When Tia started school, she didn’t expect she’d have to mask her emotions in order to simply connect with fellow students. Throughout her life, she’s had to hide her true feelings from loved ones – family and close friends alike. Constantly hiding her true emotions is exhausting, and has a large toll on both Tia’s mental state, and her everyday life.

“It’s something that I have to do in order to get through the day,” Tia said.

According to Psychology Today, emotional masking is defined as ‘when individuals repress or hide signs of a mental health condition to blend in or adapt to the neurotypical world’. This behaviour – also known as both ‘camouflaging’ or ‘compensating’ – can lead to psychological distress in the forms of stress, exhaustion, burnout, or a loss of identity.

For Tia, the emotional masking she’s endured has lasted her life and while she’s trying to prevent herself from camouflaging her feelings, she understands it’s a hard task to overcome to unlearn the behaviour she’s known since she was young. Despite this, she calls it a “coping mechanism,” which is what emotional masking is for a lot of people. It’s a protection for herself against psychological distress.

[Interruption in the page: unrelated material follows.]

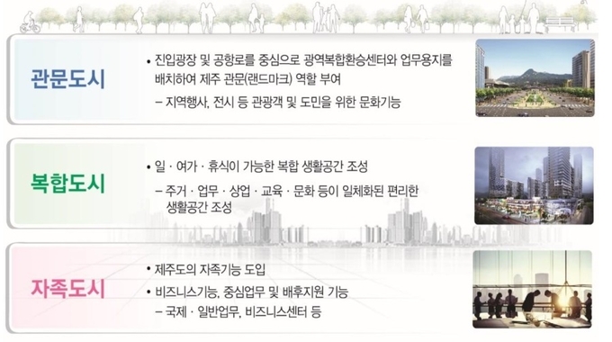 이번 용역에서는 모두가 환영받는 제주 관문도시 「JEJU WELCOME CITY」를 콘셉트로 관문도시, 복합도시, 자족도시 구상안이 제시됐다.

Additionally, according to Charlie Health, masking can be used for other reasons, including “a fear of stigma, judgement, rejection, or a desire to maintain a sense of normalcy.” In Tia’s case, it was primarily a fear of judgement from others.

“One of the ways I could connect with [friends] was masking what I was actually feeling,” Tia said.

Psychologist Emily Arnold confirms these feelings as valid effects on one’s long-term state. “These outcomes will often build up and contribute to long-term consequences of relationship issues and mental health challenges,” Arnold said.

Tia also understands how emotional masking can be misunderstood by others, saying she wishes more people realised that it wasn’t anything personal. According to Arnold, emotional masking is often misunderstood.

“This oversimplified understanding of emotional masking fails to recognise the complexity of why individuals mask their emotions in the first place.”

In the end, Tia simply wants to live her life normally and happily with her emotions, and wants people to understand what really goes on behind her mask.